##### SUPPLIED MATERIAL
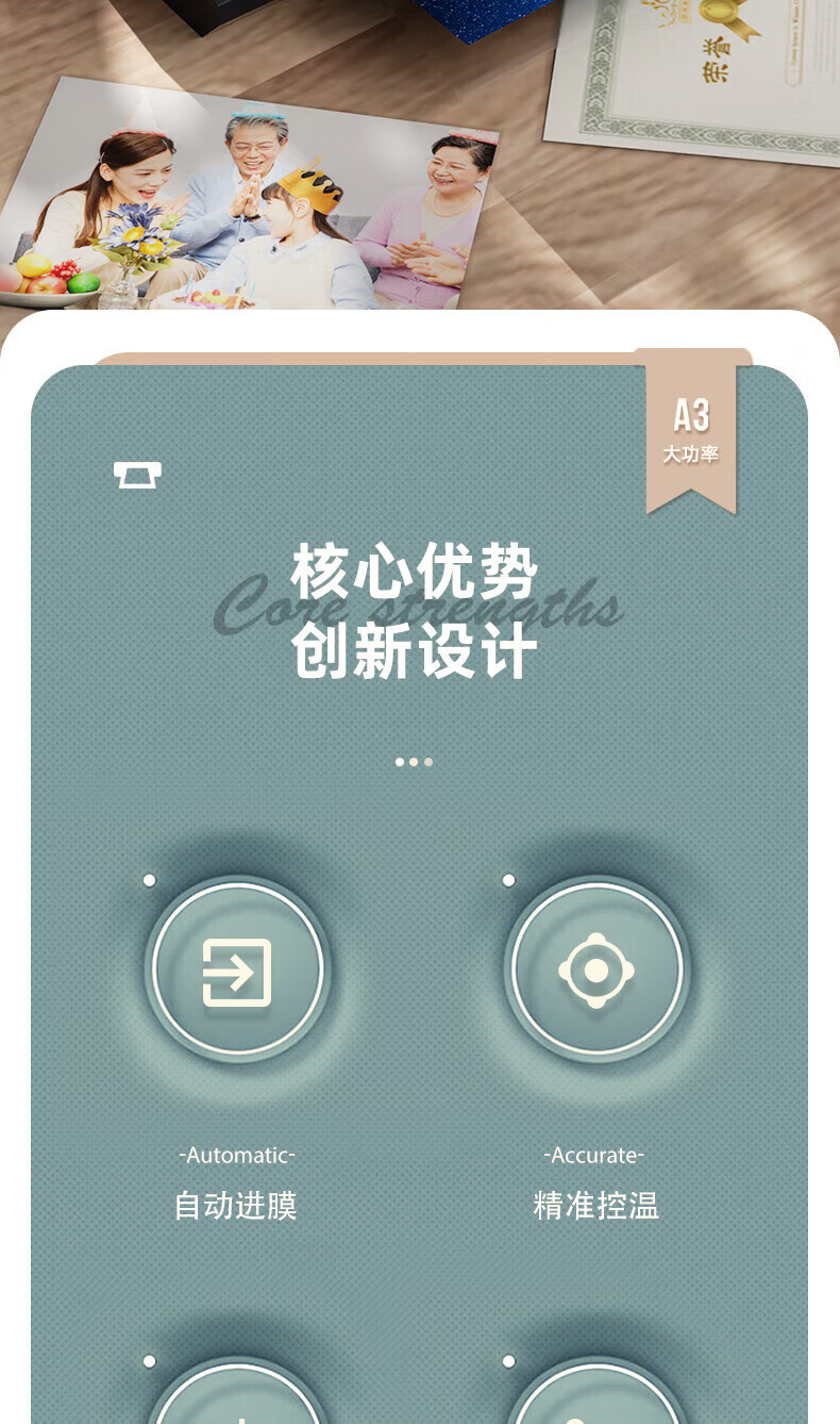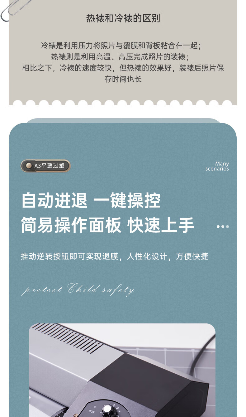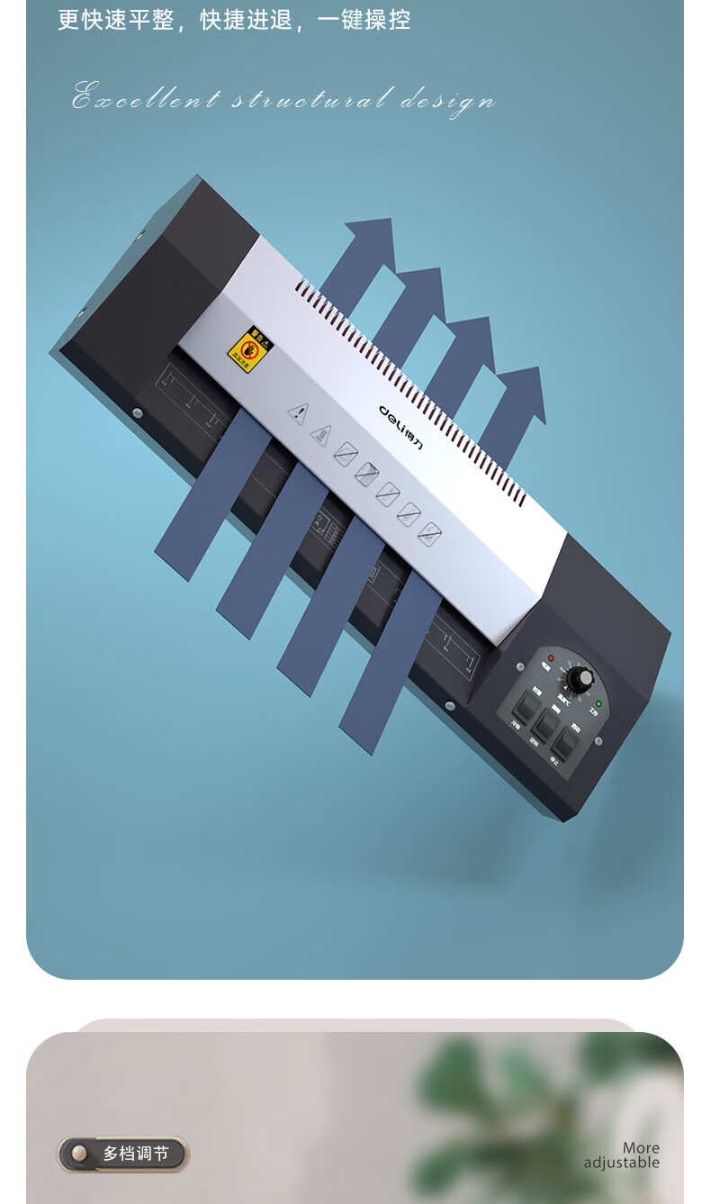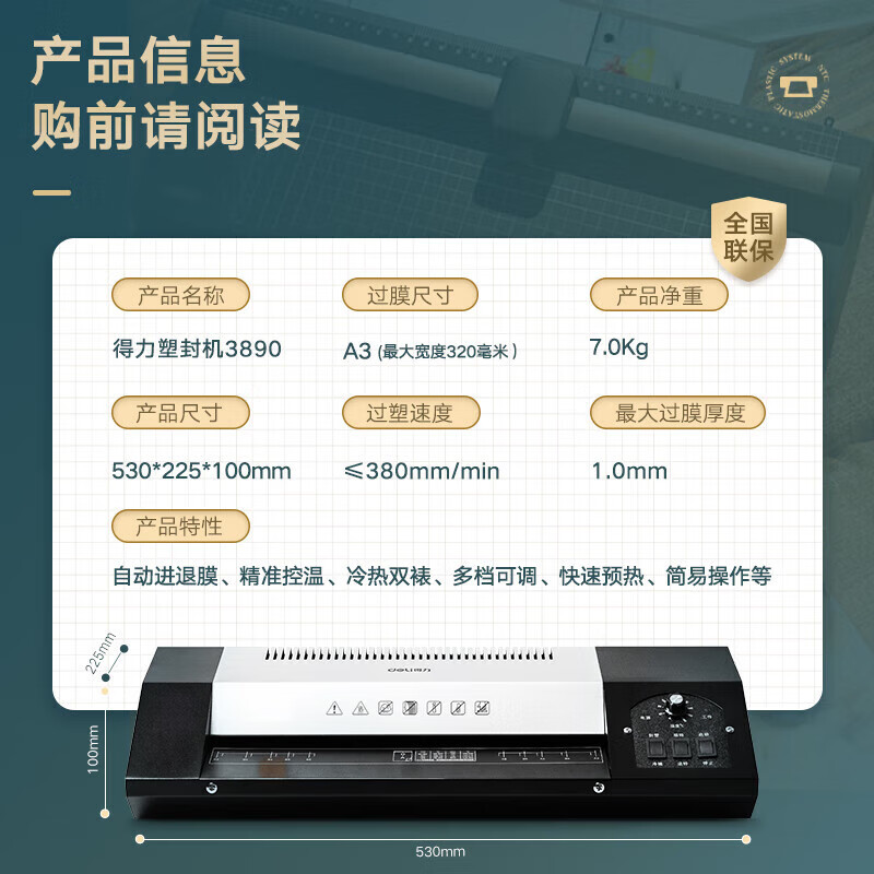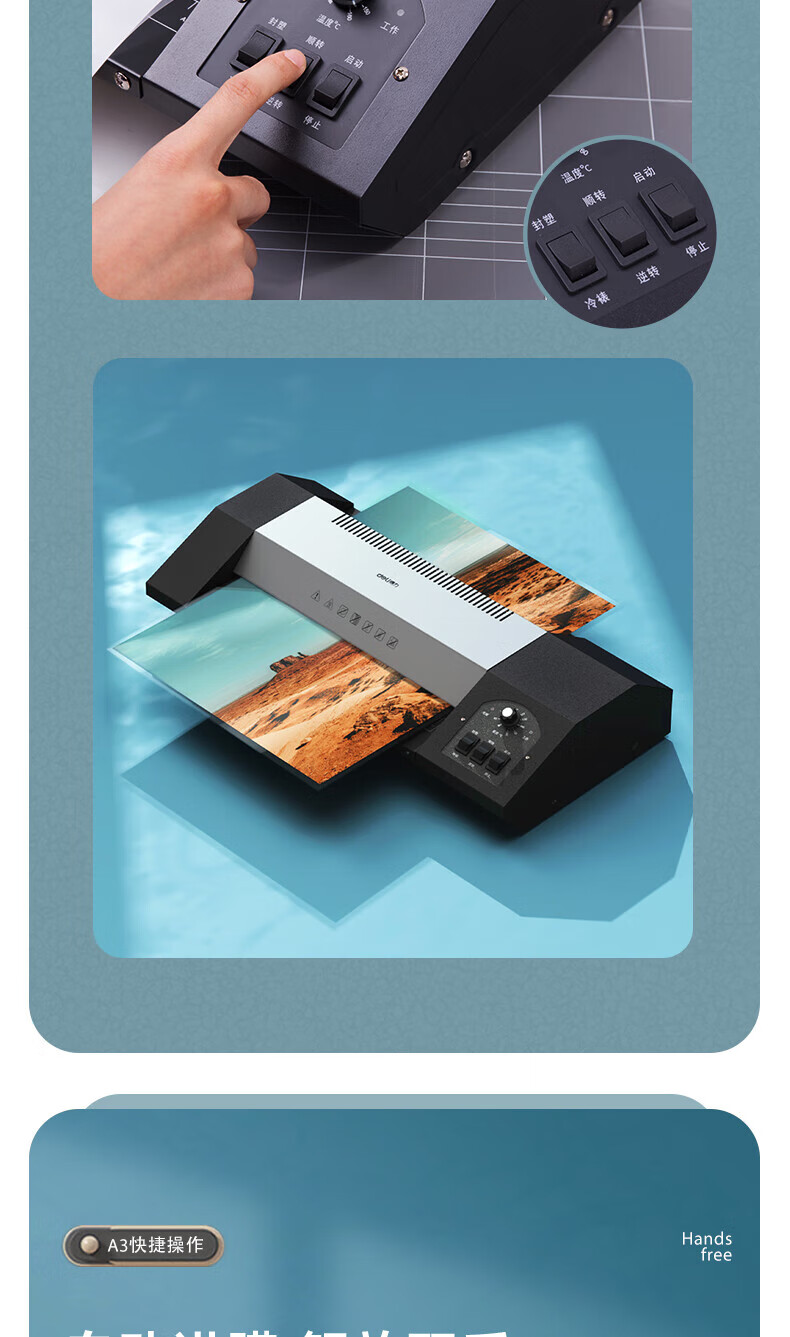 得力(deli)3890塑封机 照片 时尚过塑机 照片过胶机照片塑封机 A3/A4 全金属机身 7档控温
##########
##### SUPPLIED MATERIAL
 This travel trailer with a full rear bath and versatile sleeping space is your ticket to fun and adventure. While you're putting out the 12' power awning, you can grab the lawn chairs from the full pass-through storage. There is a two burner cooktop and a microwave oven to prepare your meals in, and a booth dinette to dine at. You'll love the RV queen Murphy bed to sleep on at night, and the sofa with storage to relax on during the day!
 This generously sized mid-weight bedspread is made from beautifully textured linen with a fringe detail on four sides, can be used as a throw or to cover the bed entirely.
##########
== ACTIVITY ==
Return only the stretch of the material above from the line holding "This travel trailer" through the line holding "This generously sized", copied exactly.

== TASK SOLUTION ==
 This travel trailer with a full rear bath and versatile sleeping space is your ticket to fun and adventure. While you're putting out the 12' power awning, you can grab the lawn chairs from the full pass-through storage. There is a two burner cooktop and a microwave oven to prepare your meals in, and a booth dinette to dine at. You'll love the RV queen Murphy bed to sleep on at night, and the sofa with storage to relax on during the day!
 This generously sized mid-weight bedspread is made from beautifully textured linen with a fringe detail on four sides, can be used as a throw or to cover the bed entirely.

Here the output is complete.